TCHAIKOVSKY The Nutcracker (Dudamel)
’Tis the season to roast your Nutcrackers by the fire. A year on from my mammoth survey of available recordings (12/17), new recordings of Tchaikovsky’s seasonal confection are ready to tumble in, the first of which comes from Gustavo Dudamel and the Los Angeles Philharmonic Orchestra. Actually, it’s taken an ice age to arrive: this recording was made way back in 2013 in the Walt Disney Concert Hall, so why is it only being released now? The cynic in me suspects it’s to tie in with the release of Disney’s new film The Nutcracker and the Four Realms, for which Dudamel – with the Philharmonia this time – has recorded the (original) soundtrack.
Dudamel’s track record with Tchaikovsky on disc is mixed. Edward Seckerson loved his ‘sinewy, uninhibited’ Fifth Symphony with the Simón Bolívar (4/09 – the finale is devastating), but Andrew Achenbach found his later disc of Shakespeare-inspired tone poems ‘worryingly superficial’ (6/11). So how does his Nutcracker fare? Well, the playing of the LAPO – and how welcome to see the players listed in the booklet – is fabulous, the strings as fine as spun sugar and the brass crisp in the Spanish Dance. The character dances are well drilled, the Arabian Dance seductively paced (much slower than my top picks last Yuletide, Valery Gergiev and Neeme Järvi). The percussion are prominent, especially the celesta – Orrin Howard’s lovely booklet note quotes Tchaikovsky’s letter to his publisher instructing him to keep quiet about his new discovery lest Rimsky-Korsakov or Glazunov should pinch it before the premiere!

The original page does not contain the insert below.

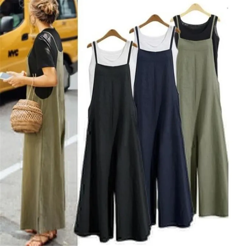 2020 летний женский элегантный Свободный комбинезон больших размеров, Женские повседневные длинные штаны, комбинезоны белого, черного, синего цвета #19628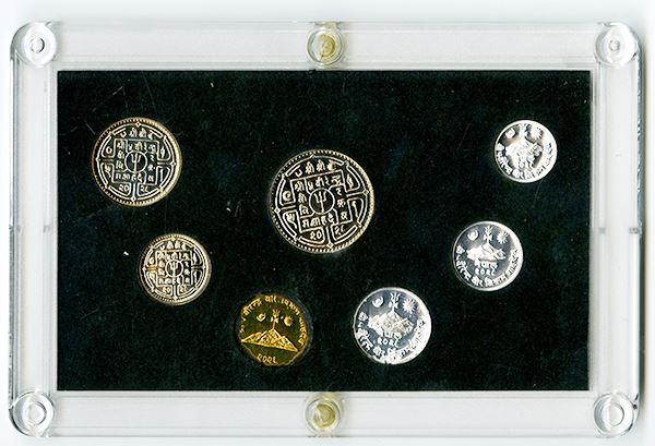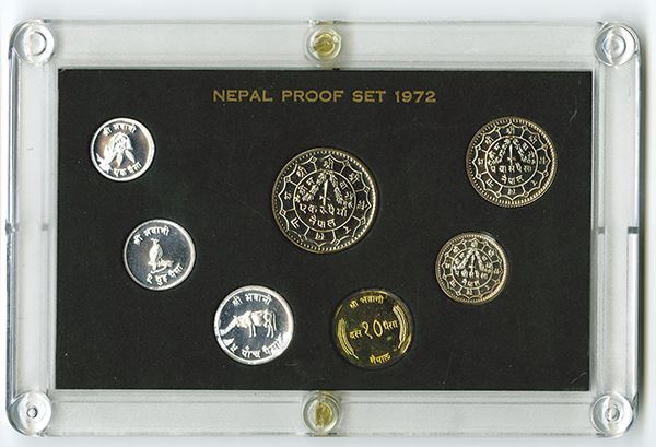 Nepal. KM PS5. Includes: KM#799, 801, 802, 807, 815, 821, 828. In official plastic holder and card case with card insert. Mintage of 3,943. Stuck at the U.S. Mint. Proof, a bit of tone on the brass and fogging on the aluminum, as warned on the card. 7 coins in set.

The complete ballet comes in at 90 minutes, which is par for the course. But apart from a helter-skelter battle scene from Dudamel, there’s a feeling that everyone is on their best behaviour: the Waltz of the Flowers has a lovely sense of lilt without ever threatening to spiral out of control; the Christmas tree grows at an urgent pace, yet is devoid of sparkle; the Los Angeles Children’s Chorus sing with purity in the Snowflakes but sound recessed and pale. This is a dutiful Nutcracker, but where is the magic?